◆ **WHAT YOU ARE ASKED TO DO**: Output a character-exact copy of the data, images removed.

◆ **Collected data entries**:
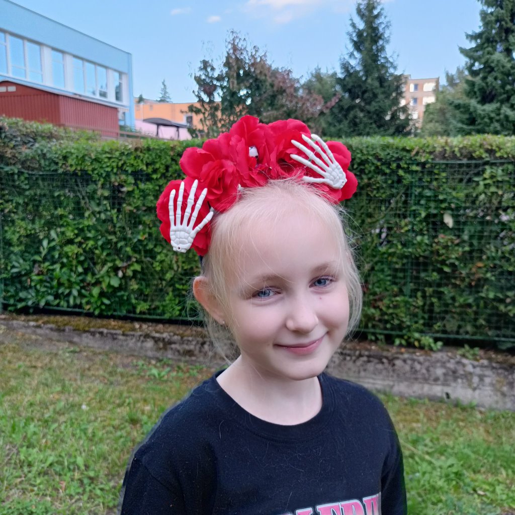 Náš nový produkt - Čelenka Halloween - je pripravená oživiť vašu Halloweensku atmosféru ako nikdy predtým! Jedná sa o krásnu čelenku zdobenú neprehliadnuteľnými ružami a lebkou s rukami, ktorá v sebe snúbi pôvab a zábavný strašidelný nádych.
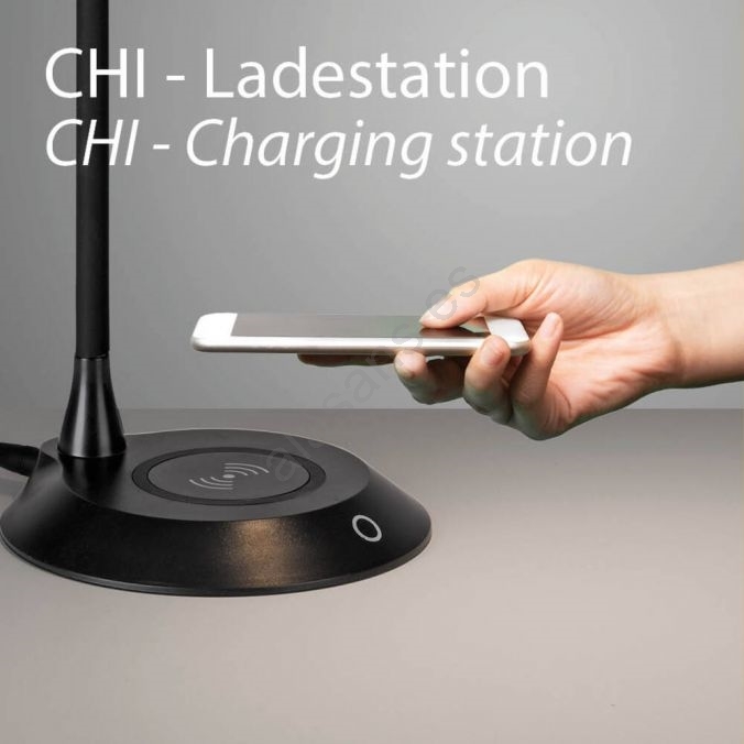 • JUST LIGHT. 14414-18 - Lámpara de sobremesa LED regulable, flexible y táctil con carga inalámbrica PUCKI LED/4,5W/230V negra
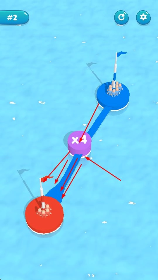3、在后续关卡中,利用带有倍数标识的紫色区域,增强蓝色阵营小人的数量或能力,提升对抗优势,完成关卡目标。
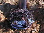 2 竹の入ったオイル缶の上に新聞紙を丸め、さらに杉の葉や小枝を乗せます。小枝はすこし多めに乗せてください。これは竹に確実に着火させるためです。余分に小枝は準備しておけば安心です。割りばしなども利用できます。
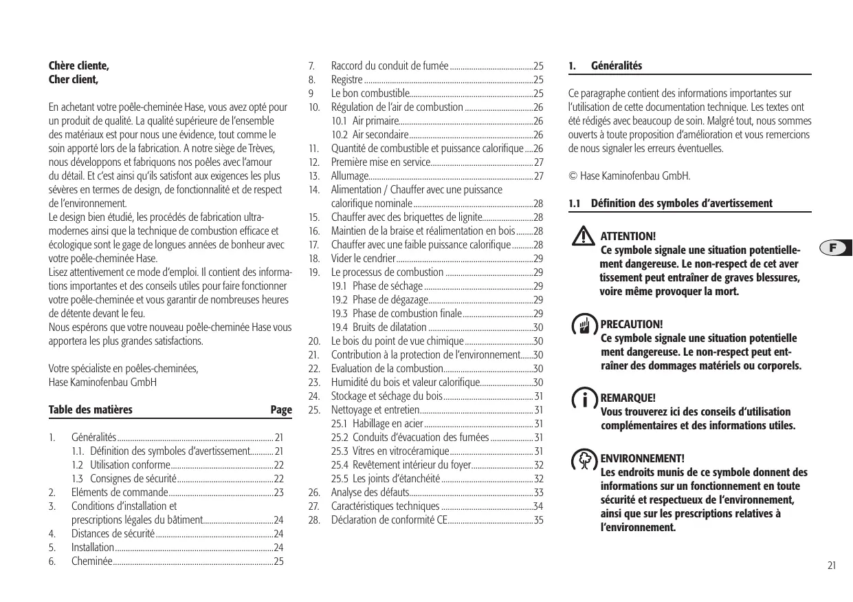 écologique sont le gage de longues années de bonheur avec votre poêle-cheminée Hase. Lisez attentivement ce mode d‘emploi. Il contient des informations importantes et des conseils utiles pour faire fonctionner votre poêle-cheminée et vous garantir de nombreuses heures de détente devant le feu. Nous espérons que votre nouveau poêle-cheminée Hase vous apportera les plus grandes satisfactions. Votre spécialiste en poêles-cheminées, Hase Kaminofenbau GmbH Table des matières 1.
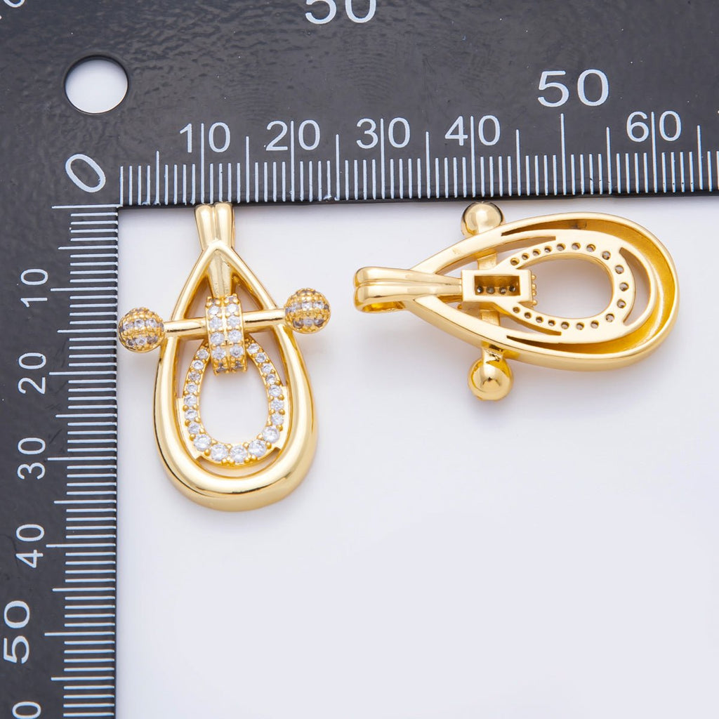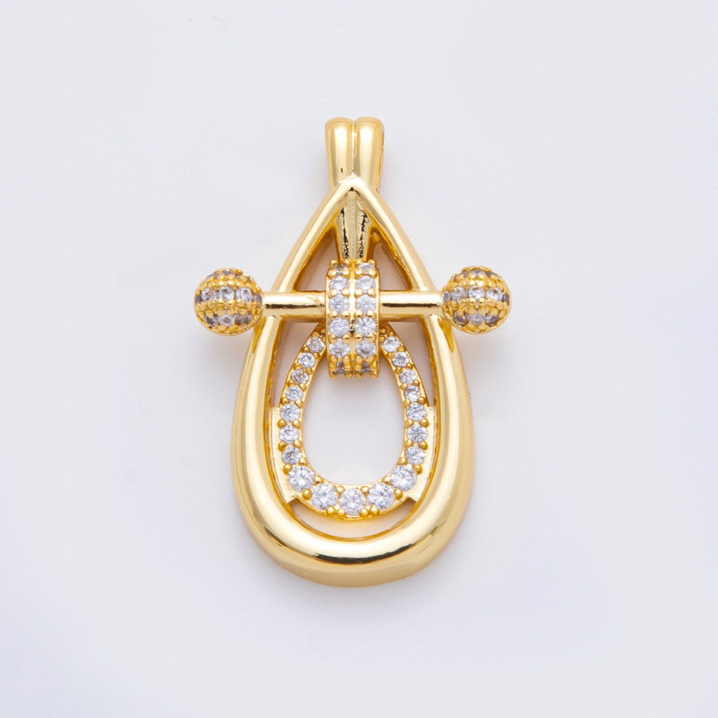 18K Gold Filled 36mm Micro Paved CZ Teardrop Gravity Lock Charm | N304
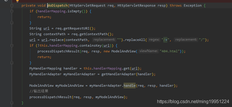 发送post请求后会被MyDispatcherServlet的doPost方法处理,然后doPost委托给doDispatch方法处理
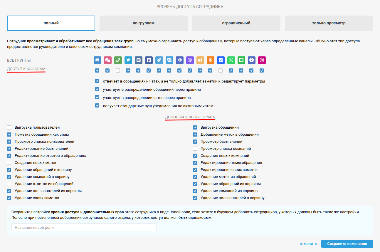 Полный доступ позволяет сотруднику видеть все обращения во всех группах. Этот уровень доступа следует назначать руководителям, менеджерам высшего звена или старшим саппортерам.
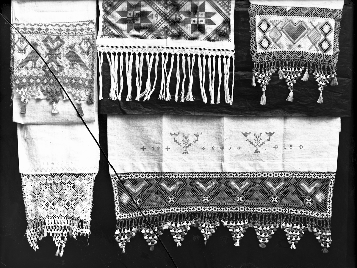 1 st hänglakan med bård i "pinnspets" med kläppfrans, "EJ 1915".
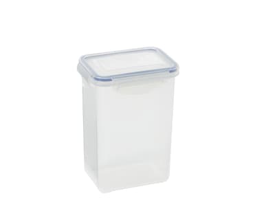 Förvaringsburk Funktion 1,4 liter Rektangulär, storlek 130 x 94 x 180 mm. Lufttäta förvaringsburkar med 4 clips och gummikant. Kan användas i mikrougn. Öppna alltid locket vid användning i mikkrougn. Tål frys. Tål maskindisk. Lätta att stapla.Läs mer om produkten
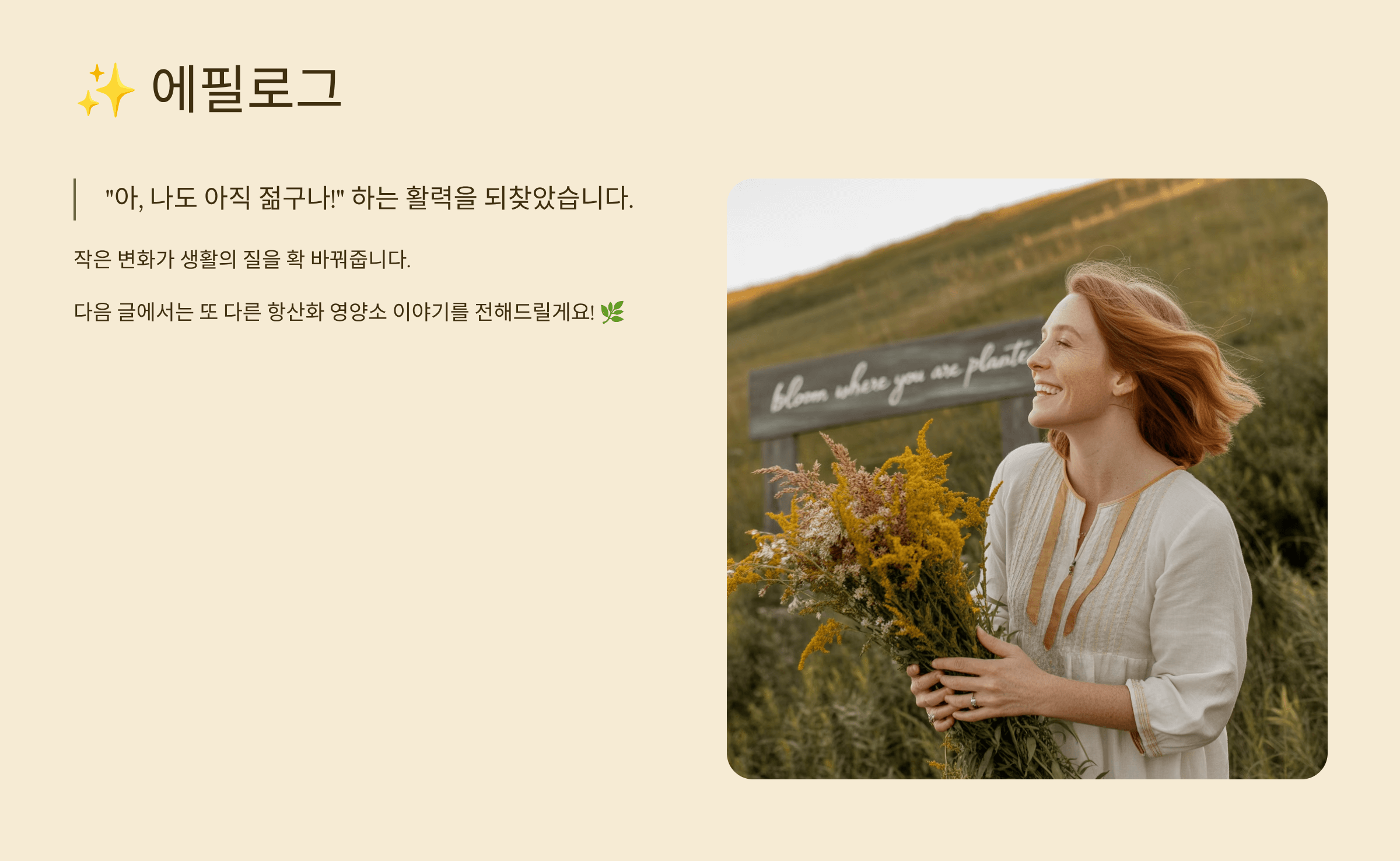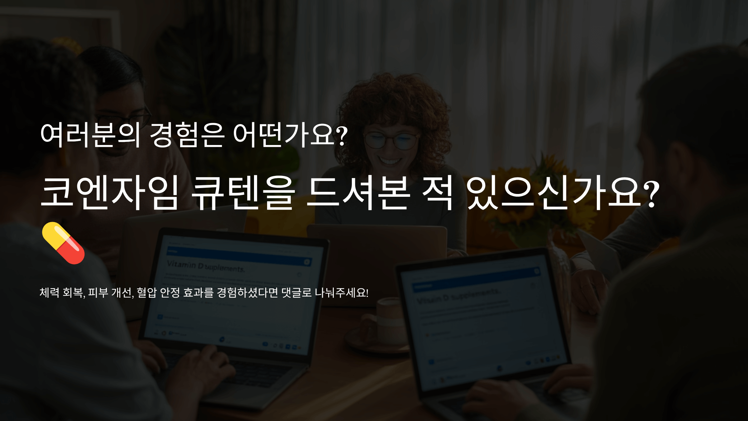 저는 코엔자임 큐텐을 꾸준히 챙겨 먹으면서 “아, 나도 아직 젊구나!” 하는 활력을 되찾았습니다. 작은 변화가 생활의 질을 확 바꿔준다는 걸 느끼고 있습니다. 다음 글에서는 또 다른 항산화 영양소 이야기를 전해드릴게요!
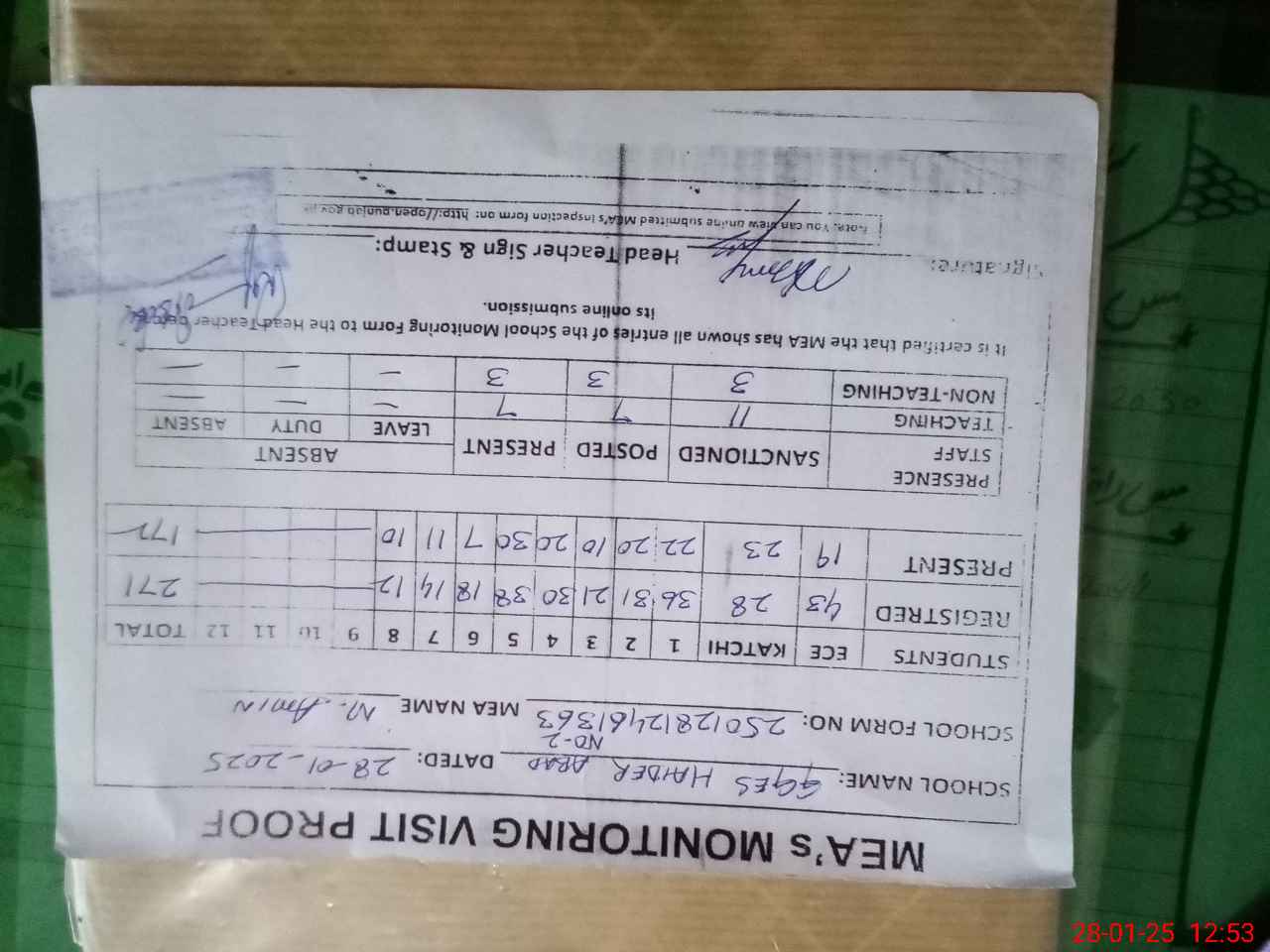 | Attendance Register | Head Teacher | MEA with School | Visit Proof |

◆ **RESPONSE TO THIS EXERCISE**:
 Náš nový produkt - Čelenka Halloween - je pripravená oživiť vašu Halloweensku atmosféru ako nikdy predtým! Jedná sa o krásnu čelenku zdobenú neprehliadnuteľnými ružami a lebkou s rukami, ktorá v sebe snúbi pôvab a zábavný strašidelný nádych.
 • JUST LIGHT. 14414-18 - Lámpara de sobremesa LED regulable, flexible y táctil con carga inalámbrica PUCKI LED/4,5W/230V negra
3、在后续关卡中,利用带有倍数标识的紫色区域,增强蓝色阵营小人的数量或能力,提升对抗优势,完成关卡目标。
 2 竹の入ったオイル缶の上に新聞紙を丸め、さらに杉の葉や小枝を乗せます。小枝はすこし多めに乗せてください。これは竹に確実に着火させるためです。余分に小枝は準備しておけば安心です。割りばしなども利用できます。
 écologique sont le gage de longues années de bonheur avec votre poêle-cheminée Hase. Lisez attentivement ce mode d‘emploi. Il contient des informations importantes et des conseils utiles pour faire fonctionner votre poêle-cheminée et vous garantir de nombreuses heures de détente devant le feu. Nous espérons que votre nouveau poêle-cheminée Hase vous apportera les plus grandes satisfactions. Votre spécialiste en poêles-cheminées, Hase Kaminofenbau GmbH Table des matières 1.
 18K Gold Filled 36mm Micro Paved CZ Teardrop Gravity Lock Charm | N304
 发送post请求后会被MyDispatcherServlet的doPost方法处理,然后doPost委托给doDispatch方法处理
 Полный доступ позволяет сотруднику видеть все обращения во всех группах. Этот уровень доступа следует назначать руководителям, менеджерам высшего звена или старшим саппортерам.
 1 st hänglakan med bård i "pinnspets" med kläppfrans, "EJ 1915".
 Förvaringsburk Funktion 1,4 liter Rektangulär, storlek 130 x 94 x 180 mm. Lufttäta förvaringsburkar med 4 clips och gummikant. Kan användas i mikrougn. Öppna alltid locket vid användning i mikkrougn. Tål frys. Tål maskindisk. Lätta att stapla.Läs mer om produkten
 저는 코엔자임 큐텐을 꾸준히 챙겨 먹으면서 “아, 나도 아직 젊구나!” 하는 활력을 되찾았습니다. 작은 변화가 생활의 질을 확 바꿔준다는 걸 느끼고 있습니다. 다음 글에서는 또 다른 항산화 영양소 이야기를 전해드릴게요!
 | Attendance Register | Head Teacher | MEA with School | Visit Proof |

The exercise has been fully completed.